OTTAWA – Leaked documents detailing the conditions surrounding the departure of the government’s now-disgraced public sector integrity commissioner show she is walking away with approximately $130,000 beyond the $407,000 she received in severance pay – all of which the opposition Liberals have labelled "hush money."

The additional funds, which are in addition to the severance amount Postmedia News reported earlier this week, represent 28 weeks pay for accrued and unused vacation.

Christiane Ouimet resigned last October, just weeks before the auditor general released a report slamming her for failing to do her job properly.

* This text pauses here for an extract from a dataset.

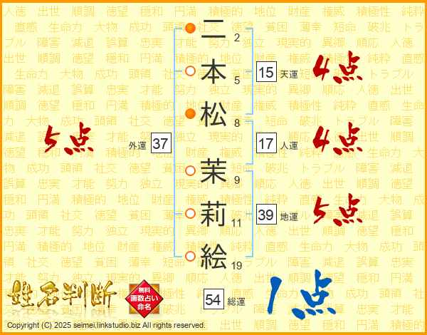 二本松茉莉絵さんの外運は37画の5点!

The conditions of her departure were signed by Ouimet and Wayne Wouters, who as Clerk of the Privy Council is the government’s top bureaucrat. The document, signed within the first two weeks of October, stipulates that Ouimet cannot say or do anything that may "impair the reputation" or "be otherwise detrimental" to either the office she once held or to the Government of Canada.

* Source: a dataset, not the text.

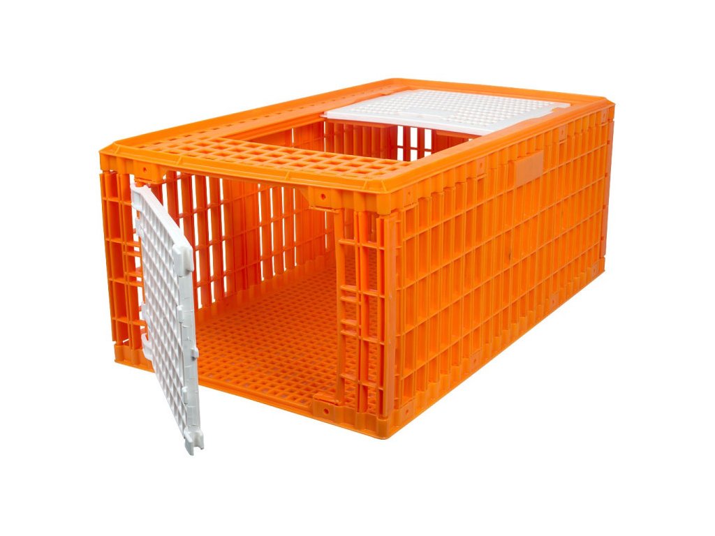 Extra vysoký a velký model, díky kterému je tento přepravní box ideální pro přepravu například krůt nebo hus. Děrované dno zajišťující lepší ventilaci při přepravě. Posuvné dveře se nacházejí v horní části. Dveře na pantech jsou po boku.

That favour is returned in a clause of the document that says, "the parties shall not engage in any criticism against each other, personally or through another person including media representatives, on any matter in which Christiane Ouimet was involved during her appointment."

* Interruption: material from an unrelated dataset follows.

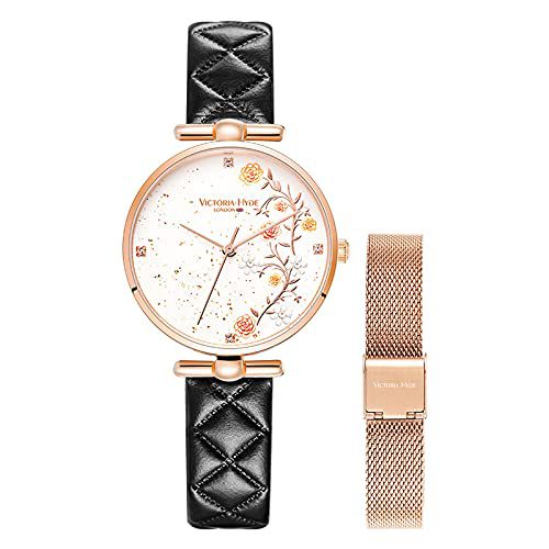 Se você procura por um relógio de quartzo elegante e sofisticado, o VICTORIA HYDE VH1040F é a escolha perfeita para mulheres que valorizam o estilo e a qualidade. Este relógio apresenta um mostrador floral em preto-rose gold, combinando perfeitamente com sua pulseira de couro genuíno e sua pulseira de malha em aço inoxidável. Além disso, a cor Black-Rosegold adiciona um toque moderno e elegante ao seu visual.

Those clauses, said Liberal MP Navdeep Bains, signal that government is trying to keep the former commissioner quiet.

"This clearly demonstrates she had a gag order," Bains said. "It shows how far the prime minister is willing to go to keep her quiet."

Ouimet was appointed commissioner in April 2007 and tasked with protecting government whistleblowers seeking to disclose wrongdoing in the federal public sector.

She abruptly quit her post in October 2010, four years before the scheduled end of her term, while Auditor General Sheila Fraser was investigating the office.

Fraser’s report found the office – which has an $11-million budget – investigated only five of 228 complaints filed during Ouimet’s three-and-a-half-year tenure.

Ouimet also berated, intimidated and yelled and swore at her staff, the report said.

The office of the public sector integrity commissioner is one of several watchdog offices whose heads are supposed to report to Parliament, not the government.

The House of Commons committee on which Bains sits has been studying the affair since Fraser released her report in December.

Almost immediately after the release of the report, the public accounts committee sent invitations for Ouimet to appear and testify. The repeated requests were ignored, prompting the committee to ask the Privy Council – the public service agency which serves the Prime Minister’s Office and cabinet – to release all documents and communications between the public sector integrity commissioner and the agency.

Some of the emails were released at a committee meeting this week, but the severance agreement was kept confidential at the request of the Privy Council.

Some emails in the file of released communications show email threads and letters between Ouimet and the Privy Council, Public Safety Minister Vic Toews and President of the Treasury Board Stockwell Day.

There are also emails between Mario Dion, appointed by the Conservatives as interim commissioner in the wake of Ouimet’s departure, and Privy Council.

"They are accountable to Parliament, but with some of these emails their independence is being questioned," Bains said.

Lawyer Ivan Whitehall contacted the chair of the public accounts committee last month on behalf of Ouimet. She is expected to appear at committee March 10.

A call to Whitehall’s Ottawa office was not immediately returned late Friday afternoon.